**What is required**
Would you please transcribe, exactly as written, the lines of the entries below starting at the one that holds "5 шт./компл. 5" and ending at the one that holds "Se efectuaron 90", both included?

[[ Extracted entries open ]]

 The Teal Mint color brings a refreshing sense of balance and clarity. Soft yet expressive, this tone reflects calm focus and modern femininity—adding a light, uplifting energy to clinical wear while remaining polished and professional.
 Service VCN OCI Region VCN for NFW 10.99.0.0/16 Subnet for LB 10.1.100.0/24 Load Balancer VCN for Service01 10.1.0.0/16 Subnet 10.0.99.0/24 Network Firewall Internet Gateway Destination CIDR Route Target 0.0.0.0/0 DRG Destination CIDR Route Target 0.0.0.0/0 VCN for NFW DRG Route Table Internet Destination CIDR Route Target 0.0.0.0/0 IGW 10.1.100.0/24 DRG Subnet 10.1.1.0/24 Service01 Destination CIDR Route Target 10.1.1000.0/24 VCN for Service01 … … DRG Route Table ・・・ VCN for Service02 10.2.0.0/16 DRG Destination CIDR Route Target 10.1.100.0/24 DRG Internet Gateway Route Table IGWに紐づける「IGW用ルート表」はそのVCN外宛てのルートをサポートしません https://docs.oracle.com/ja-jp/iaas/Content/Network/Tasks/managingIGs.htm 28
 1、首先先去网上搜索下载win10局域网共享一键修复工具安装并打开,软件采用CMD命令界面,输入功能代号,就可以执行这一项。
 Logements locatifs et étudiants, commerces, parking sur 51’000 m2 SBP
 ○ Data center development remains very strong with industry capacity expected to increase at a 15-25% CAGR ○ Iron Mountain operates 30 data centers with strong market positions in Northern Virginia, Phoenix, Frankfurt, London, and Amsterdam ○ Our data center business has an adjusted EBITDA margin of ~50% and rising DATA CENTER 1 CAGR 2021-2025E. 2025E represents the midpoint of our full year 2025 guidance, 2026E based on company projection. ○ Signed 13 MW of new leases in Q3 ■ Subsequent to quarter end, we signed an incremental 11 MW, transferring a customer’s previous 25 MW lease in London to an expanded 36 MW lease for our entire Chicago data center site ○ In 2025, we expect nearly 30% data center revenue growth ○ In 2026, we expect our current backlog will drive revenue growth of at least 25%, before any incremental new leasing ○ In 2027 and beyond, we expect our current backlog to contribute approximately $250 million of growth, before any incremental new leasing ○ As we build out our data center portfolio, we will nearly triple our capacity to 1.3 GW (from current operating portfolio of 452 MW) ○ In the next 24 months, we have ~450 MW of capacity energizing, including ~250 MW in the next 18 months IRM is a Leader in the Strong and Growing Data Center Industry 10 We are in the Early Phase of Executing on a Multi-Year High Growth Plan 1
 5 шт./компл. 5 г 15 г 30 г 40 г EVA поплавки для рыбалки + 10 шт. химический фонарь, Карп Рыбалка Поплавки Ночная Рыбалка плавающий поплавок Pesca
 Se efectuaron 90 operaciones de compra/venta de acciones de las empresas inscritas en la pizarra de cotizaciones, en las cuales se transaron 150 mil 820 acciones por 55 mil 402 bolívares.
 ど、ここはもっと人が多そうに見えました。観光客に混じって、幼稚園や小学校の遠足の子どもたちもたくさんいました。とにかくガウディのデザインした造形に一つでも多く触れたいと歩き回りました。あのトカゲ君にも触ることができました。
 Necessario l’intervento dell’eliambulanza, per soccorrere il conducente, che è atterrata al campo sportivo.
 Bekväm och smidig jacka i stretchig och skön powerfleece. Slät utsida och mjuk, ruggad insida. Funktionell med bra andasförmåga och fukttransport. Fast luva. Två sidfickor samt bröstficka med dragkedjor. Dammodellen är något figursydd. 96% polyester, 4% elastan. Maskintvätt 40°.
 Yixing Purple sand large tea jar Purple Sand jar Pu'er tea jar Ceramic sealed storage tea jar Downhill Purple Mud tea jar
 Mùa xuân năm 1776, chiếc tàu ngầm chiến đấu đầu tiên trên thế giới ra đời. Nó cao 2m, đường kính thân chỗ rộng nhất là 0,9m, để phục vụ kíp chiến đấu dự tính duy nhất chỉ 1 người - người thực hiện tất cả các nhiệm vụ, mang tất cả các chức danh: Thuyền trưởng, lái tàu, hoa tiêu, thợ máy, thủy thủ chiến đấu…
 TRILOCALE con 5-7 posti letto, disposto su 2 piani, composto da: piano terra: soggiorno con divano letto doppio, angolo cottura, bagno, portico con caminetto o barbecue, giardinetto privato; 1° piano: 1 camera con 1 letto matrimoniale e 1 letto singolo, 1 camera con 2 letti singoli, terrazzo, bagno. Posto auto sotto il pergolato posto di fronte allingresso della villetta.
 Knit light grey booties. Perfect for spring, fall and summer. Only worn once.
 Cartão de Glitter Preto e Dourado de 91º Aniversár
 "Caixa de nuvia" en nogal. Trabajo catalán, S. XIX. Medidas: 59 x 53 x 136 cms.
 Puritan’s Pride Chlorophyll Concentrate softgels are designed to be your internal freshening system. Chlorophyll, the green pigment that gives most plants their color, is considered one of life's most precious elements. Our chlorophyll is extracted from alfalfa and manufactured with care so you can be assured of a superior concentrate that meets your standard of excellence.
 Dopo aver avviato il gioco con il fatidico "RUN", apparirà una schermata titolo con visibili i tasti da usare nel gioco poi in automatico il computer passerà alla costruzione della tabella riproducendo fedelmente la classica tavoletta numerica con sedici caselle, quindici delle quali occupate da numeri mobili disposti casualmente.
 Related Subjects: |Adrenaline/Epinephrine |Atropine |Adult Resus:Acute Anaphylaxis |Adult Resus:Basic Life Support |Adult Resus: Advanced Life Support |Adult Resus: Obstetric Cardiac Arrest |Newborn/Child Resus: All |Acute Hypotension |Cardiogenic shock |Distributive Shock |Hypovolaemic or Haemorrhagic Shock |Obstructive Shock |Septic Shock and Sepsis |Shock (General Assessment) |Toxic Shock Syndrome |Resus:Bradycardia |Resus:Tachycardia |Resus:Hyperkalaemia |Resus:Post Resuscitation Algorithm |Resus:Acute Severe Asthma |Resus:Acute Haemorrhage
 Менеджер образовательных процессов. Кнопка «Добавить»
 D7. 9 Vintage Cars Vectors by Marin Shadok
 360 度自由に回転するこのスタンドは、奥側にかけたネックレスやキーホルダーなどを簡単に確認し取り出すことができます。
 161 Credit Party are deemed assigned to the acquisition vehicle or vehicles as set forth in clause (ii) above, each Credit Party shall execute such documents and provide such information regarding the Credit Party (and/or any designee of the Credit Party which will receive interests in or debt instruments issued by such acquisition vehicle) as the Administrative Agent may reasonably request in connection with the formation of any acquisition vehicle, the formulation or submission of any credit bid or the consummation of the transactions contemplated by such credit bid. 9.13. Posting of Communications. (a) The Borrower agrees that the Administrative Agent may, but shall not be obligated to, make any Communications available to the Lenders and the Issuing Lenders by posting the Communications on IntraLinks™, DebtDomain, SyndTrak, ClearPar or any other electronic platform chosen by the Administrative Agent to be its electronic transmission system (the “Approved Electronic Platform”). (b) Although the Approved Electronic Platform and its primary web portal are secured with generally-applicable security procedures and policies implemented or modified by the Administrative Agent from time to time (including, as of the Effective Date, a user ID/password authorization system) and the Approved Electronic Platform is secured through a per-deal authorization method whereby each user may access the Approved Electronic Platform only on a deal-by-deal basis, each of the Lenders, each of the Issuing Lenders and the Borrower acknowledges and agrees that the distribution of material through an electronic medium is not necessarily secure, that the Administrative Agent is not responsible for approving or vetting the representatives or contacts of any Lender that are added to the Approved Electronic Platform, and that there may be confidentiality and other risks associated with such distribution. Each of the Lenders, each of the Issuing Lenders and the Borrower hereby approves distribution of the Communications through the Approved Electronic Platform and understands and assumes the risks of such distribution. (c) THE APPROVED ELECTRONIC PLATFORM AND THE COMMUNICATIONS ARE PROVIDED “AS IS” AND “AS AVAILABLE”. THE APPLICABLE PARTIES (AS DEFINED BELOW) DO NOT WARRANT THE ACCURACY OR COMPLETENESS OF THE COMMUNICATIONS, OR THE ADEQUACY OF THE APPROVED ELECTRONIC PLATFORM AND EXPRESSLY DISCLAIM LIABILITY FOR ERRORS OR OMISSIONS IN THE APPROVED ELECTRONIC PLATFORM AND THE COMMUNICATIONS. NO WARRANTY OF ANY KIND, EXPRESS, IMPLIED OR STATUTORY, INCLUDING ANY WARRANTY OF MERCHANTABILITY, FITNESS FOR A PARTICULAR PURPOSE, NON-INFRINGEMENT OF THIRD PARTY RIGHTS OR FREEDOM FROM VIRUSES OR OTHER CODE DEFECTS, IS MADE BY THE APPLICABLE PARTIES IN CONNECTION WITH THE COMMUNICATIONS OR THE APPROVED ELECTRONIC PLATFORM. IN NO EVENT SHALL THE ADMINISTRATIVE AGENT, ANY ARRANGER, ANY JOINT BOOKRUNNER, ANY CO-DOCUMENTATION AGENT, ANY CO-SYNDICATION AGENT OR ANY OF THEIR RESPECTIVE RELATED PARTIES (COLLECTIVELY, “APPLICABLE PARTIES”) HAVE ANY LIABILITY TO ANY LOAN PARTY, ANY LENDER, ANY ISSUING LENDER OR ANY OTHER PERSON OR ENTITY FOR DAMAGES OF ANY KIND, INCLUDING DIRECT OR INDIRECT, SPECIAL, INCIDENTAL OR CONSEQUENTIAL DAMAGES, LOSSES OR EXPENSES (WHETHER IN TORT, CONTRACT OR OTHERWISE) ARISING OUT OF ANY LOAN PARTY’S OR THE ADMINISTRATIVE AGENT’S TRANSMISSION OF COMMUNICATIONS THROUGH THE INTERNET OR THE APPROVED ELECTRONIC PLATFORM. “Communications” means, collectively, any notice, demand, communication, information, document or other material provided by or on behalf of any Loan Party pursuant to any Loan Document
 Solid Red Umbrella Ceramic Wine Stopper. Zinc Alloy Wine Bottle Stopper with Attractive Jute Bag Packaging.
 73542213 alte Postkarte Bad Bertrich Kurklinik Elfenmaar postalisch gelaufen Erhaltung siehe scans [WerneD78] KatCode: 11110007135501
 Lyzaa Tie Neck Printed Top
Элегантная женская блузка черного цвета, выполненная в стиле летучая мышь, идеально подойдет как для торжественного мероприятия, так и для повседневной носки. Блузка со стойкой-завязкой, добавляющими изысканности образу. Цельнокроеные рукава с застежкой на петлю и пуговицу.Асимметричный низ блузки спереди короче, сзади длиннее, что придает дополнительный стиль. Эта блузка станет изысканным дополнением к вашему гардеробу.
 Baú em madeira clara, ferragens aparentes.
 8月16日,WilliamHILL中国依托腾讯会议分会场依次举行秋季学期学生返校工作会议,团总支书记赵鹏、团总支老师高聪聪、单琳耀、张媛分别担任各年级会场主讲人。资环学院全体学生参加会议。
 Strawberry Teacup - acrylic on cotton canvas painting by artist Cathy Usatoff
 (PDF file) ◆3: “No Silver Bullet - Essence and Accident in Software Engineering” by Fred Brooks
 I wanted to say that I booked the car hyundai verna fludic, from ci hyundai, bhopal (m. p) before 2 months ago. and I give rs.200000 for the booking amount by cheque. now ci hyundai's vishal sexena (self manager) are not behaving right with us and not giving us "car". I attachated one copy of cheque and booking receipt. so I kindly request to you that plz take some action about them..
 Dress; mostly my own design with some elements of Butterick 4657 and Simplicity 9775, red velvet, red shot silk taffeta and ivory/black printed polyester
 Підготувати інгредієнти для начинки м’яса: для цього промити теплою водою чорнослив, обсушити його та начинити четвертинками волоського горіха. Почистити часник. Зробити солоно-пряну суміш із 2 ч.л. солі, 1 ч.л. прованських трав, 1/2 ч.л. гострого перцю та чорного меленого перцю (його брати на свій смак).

[[ Extracted entries closed ]]

**Response**
 5 шт./компл. 5 г 15 г 30 г 40 г EVA поплавки для рыбалки + 10 шт. химический фонарь, Карп Рыбалка Поплавки Ночная Рыбалка плавающий поплавок Pesca
 Se efectuaron 90 operaciones de compra/venta de acciones de las empresas inscritas en la pizarra de cotizaciones, en las cuales se transaron 150 mil 820 acciones por 55 mil 402 bolívares.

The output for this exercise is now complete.